I am in need of a code to fetch the email ids in mailto: format from pdf files in a particular folder.

The email id's are always situated next to the tenant name. All the pdfs are in readable format and I have Acrobat installed.

Thanks in advance...

Kenneth Hobs
10-11-2016, 01:34 PM
When you say Acrobat, you mean the full version and not just the reader, right?

If so:

'http://www.vbaexpress.com/forum/showthread.php?57409-read-contents-of-pdf
Sub Test_ReadAcrobatDocument()
Debug.Print ReadAcrobatDocument(ThisWorkbook.Path & "\P1.pdf")
End Sub


'http://www.eileenslounge.com/viewtopic.php?f=30&t=5907
'Add reference: Acrobat
Public Function ReadAcrobatDocument(strFileName As String) As String
'Note: A Reference to the Adobe Library must be set in Tools|References!
Dim AcroApp As CAcroApp, AcroAVDoc As CAcroAVDoc, AcroPDDoc As CAcroPDDoc
Dim AcroHiliteList As CAcroHiliteList, AcroTextSelect As CAcroPDTextSelect
Dim PageNumber, PageContent, Content, i, j

Set AcroApp = CreateObject("AcroExch.App")
Set AcroAVDoc = CreateObject("AcroExch.AVDoc")

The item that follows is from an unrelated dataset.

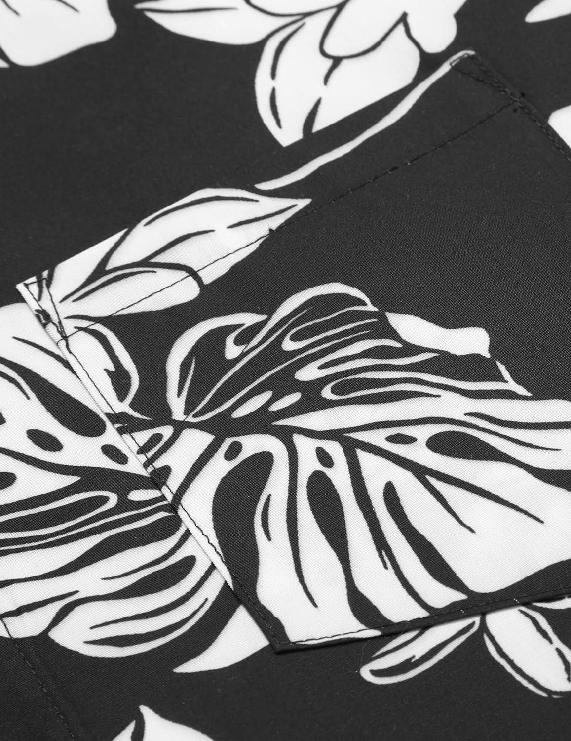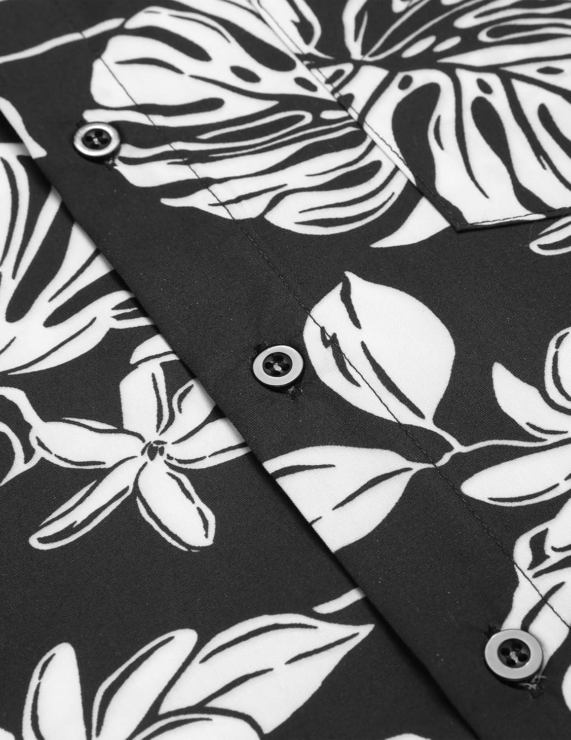 COOFANDY Mens Hawaiian Tropical Shirt Short Sleeve Casual Button Down Floral Summer Beach Shirts with Pocket(Black Leaf & Flower)

If AcroAVDoc.Open(strFileName, vbNull) <> True Then Exit Function
' The following While-Wend loop shouldn't be necessary but timing issues may occur.
While AcroAVDoc Is Nothing
Set AcroAVDoc = AcroApp.GetActiveDoc
Wend
Set AcroPDDoc = AcroAVDoc.GetPDDoc
For i = 0 To AcroPDDoc.GetNumPages - 1
Set PageNumber = AcroPDDoc.AcquirePage(i)
Set PageContent = CreateObject("AcroExch.HiliteList")
If PageContent.Add(0, 9000) <> True Then Exit Function
Set AcroTextSelect = PageNumber.CreatePageHilite(PageContent)
' The next line is needed to avoid errors with protected PDFs that can't be read
On Error Resume Next
For j = 0 To AcroTextSelect.GetNumText - 1
Content = Content & AcroTextSelect.GetText(j)
Next j
Next i

ReadAcrobatDocument = Content
AcroAVDoc.Close True
AcroApp.Exit
Set AcroAVDoc = Nothing: Set AcroApp = Nothing
End Function